Titus does what Vader says. He makes a face only I can see as Vader sketches over finished parts of his drawing, his sleeve flapping, flapping.

Vader stops drawing, runs to Titus, and grabs his face. “You!” he says, kissing him on both cheeks. “You gave me the heart of the picture! The light of God shining unto Peter. It shines through the maid, making her hand transparent! Brilliant! Brilliant! Son, what would I do without you?”

Titus laughs.

I crawl back to the corner, forgotten. Better that, than to be shouted at.

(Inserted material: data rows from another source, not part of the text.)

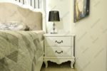 الكومودينو :2 كومودينو صغيرة بيضاء مع مصابيح مغطاة بأباجورات سوداء توفر إضاءة دافئة ومريحة.
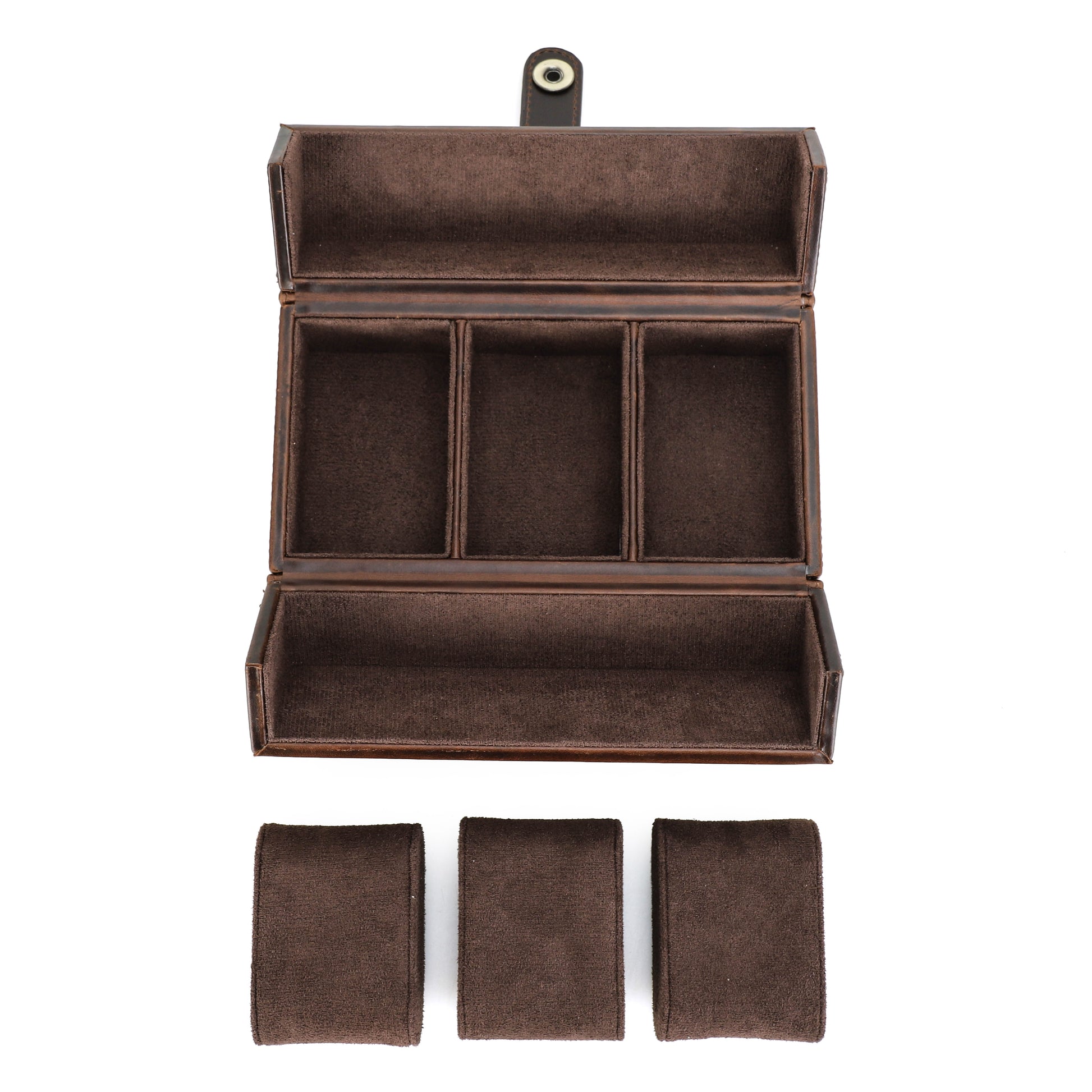 Timezone - Leren Watch roll voor 3 Horloges - Horloge reisetui
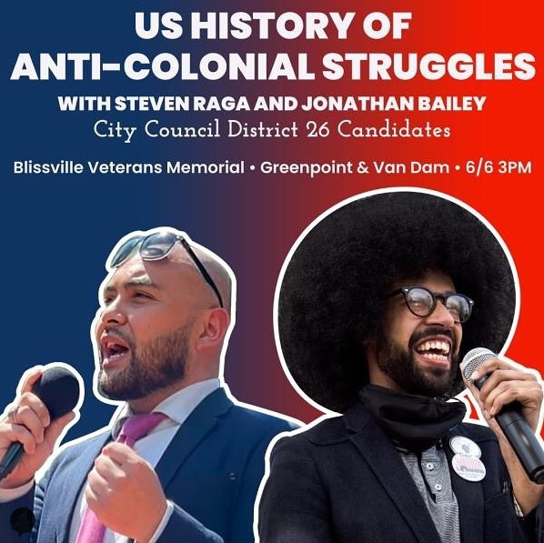 A conversation on the US history of anti-colonial struggles with District 26 Council Candidates Steven Raga and Jonathan Bailey. (Photo: Instagram)
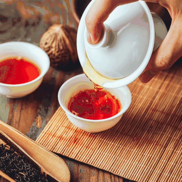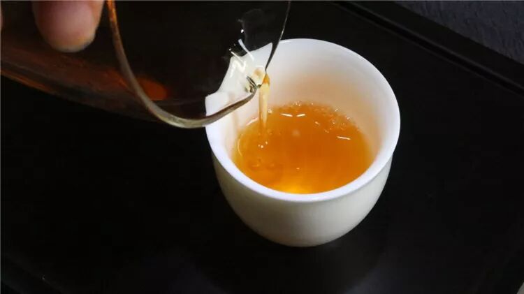 将沸水浇打在干茶上,水一下子就红了起来。

Later, when the painting is finished, Moeder tells me it is a picture of St. Peter, at the moment he said he did not know Jesus for the third time. But my care is for the maid in the picture, holding the lamp up to Peter. You can see into her hand, like I had seen into my own. You can see the bones of the secret stranger hiding inside. Why doesn’t it bother people that their insides don’t match their outsides? It bothers me. I don’t sleep that night, afraid that my insides will come crawling out.